The CAFC agreed with the district court’s assessment that predefined field-and-value relationships are excluded from the claims.
The CAFC disagreed with SpeedTrack’s argument that the “category descriptions” of the ’360 patent are not the fields of Schwartz and that the hierarchical limitation precludes predefined hierarchical relationships only among category descriptions.
SpeedTrack argued that Applicants distinguished Schwartz on other grounds. However, the CAFC did not agree with this argument.
In addition, the CAFC noted that SpeedTrack’s position contradicts its other litigation statements. “Ultimately, the doctrine of prosecution disclaimer ensures that claims are not ‘construed one way in order to obtain their allowance and in a different way against accused infringers.’” Aylus Networks, Inc. v. Apple Inc., 856 F.3d 1353, 1360 (Fed. Cir. 2017) (quoting Southwall Techs., Inc. v. Cardinal IG Co., 54 F.3d 1570, 1576 (Fed. Cir. 1995)).
Finally, the CAFC noted that both of the first and second construction orders acknowledged the disclaimer.

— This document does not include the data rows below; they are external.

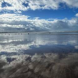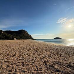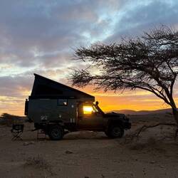 Le programme d’aujourd’hui: 4h30 du matin au bord d’une plage. Le vent tourne, des rafales latérales font trembler la voiture et tirent violemment sur notre toit levé. Nous sommes obligés de baisser la tente et de réorienter la voiture avant de nous recoucher. Une heure plus tard, une pluie violente s’abat sur nous et semble noyer le paysage, puis, un lever de soleil magnifique devant un ciel immaculé.
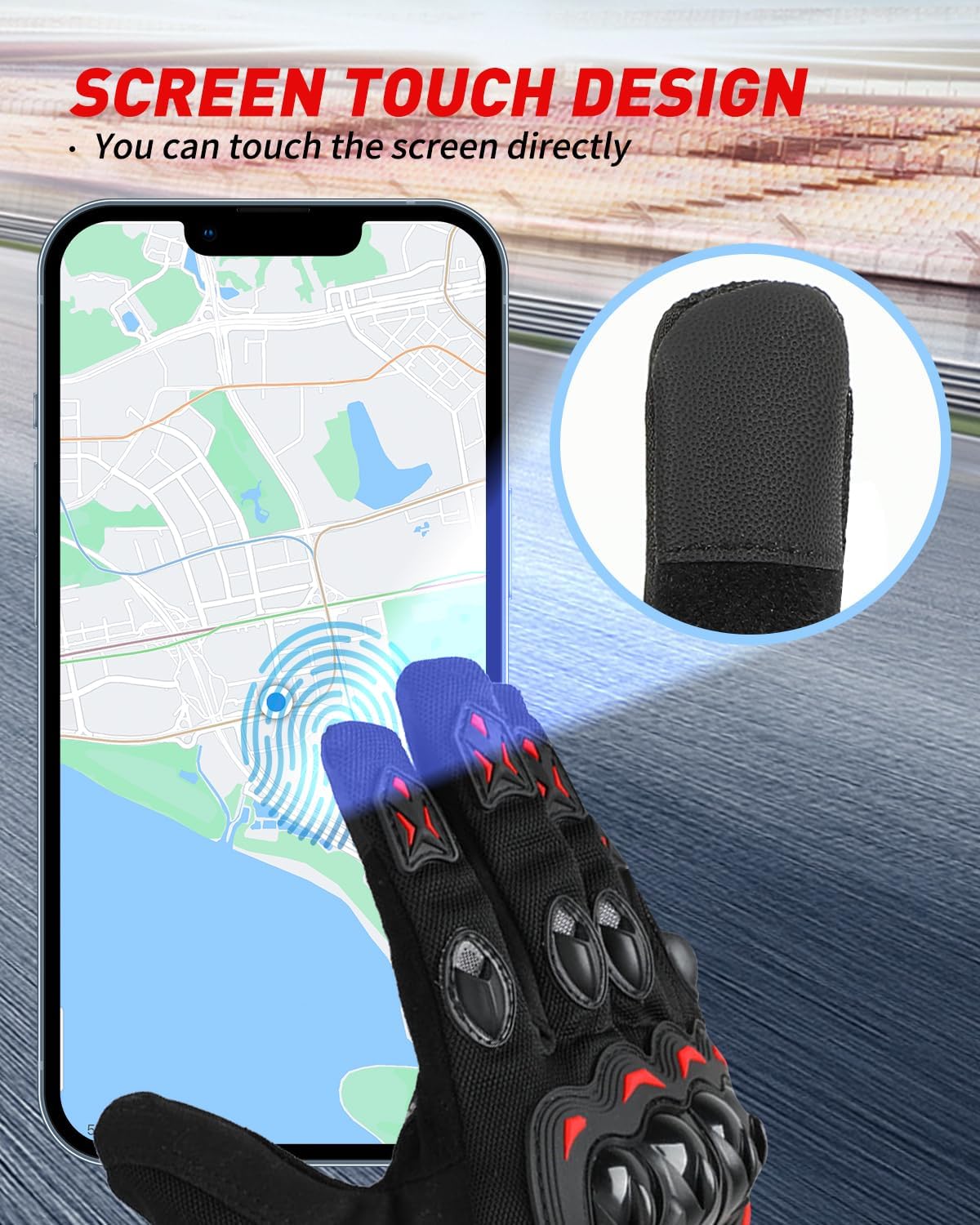 - 【Touch Screen Design】: Men's motorcycle riding gloves are design with touch screen function on the index finger,thumb,and middle finger tips. the gloves work with all touch screen devices in alll weather without taking off the glove.
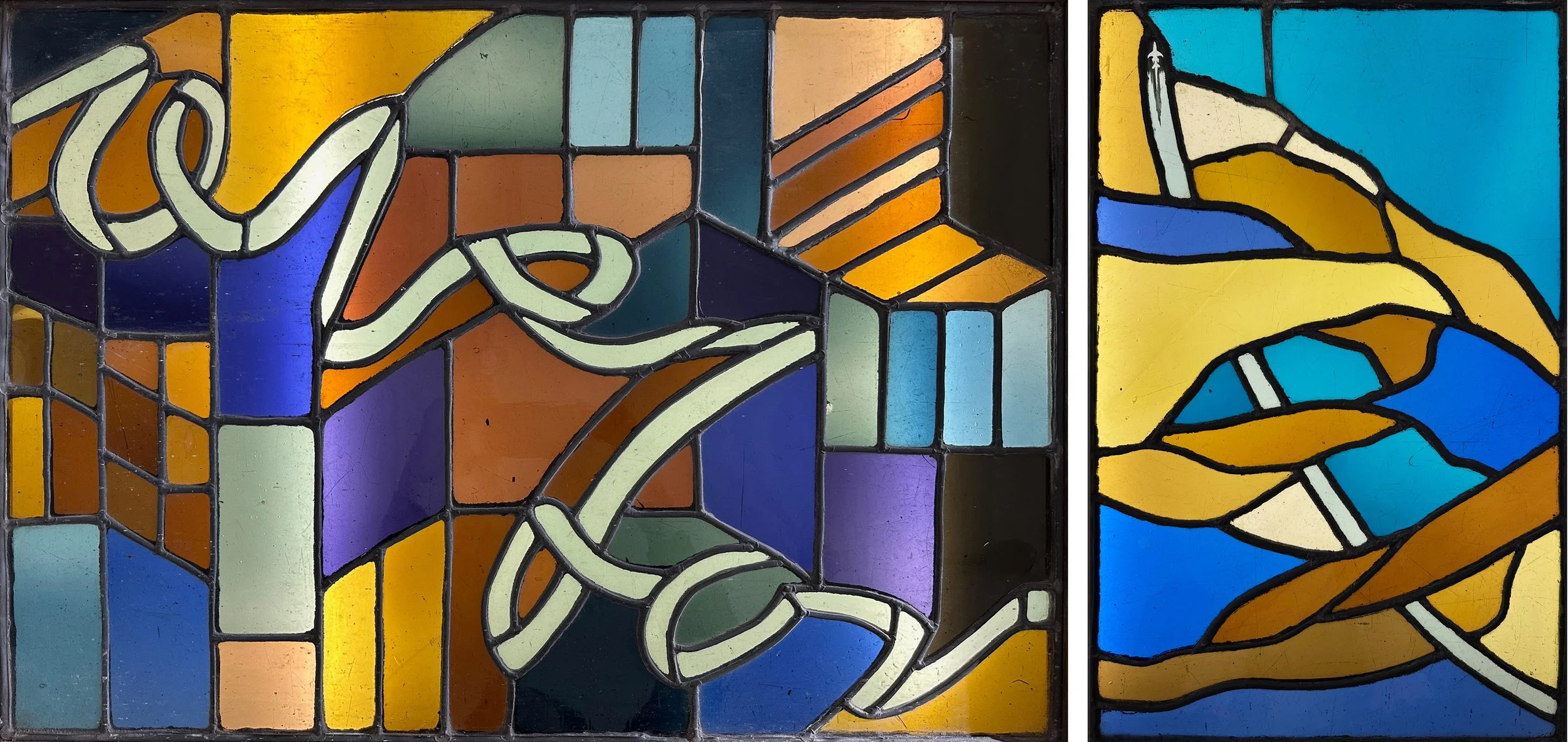 Following on from the last post about my first commission (shown above left) I have been searching through my old work. I made the three pieces above & below at The Central School of Art to the dimensions of windows in my parents’ house in Wimbledon in front of which these all used to hang. Initially I thought I could reuse the glass for the restoration of my first ever commission, but there were no exact colour matches. Then I started to quite like the pieces and decided to save them as they are, unpainted and with great colour combinations in beautiful glass made by Hartley Woods.

Therefore, the CAFC affirmed the district court’s final judgement of noninfringement.
Takeaway:
- Applicants need to be careful about claim amendments and arguments made during the prosecution of their patents.
- Litigation statements, while not inventors’ prosecution statements and do not demonstrate prosecution-history disclaimer, can strengthen the court’s reasonings on the prosecution history.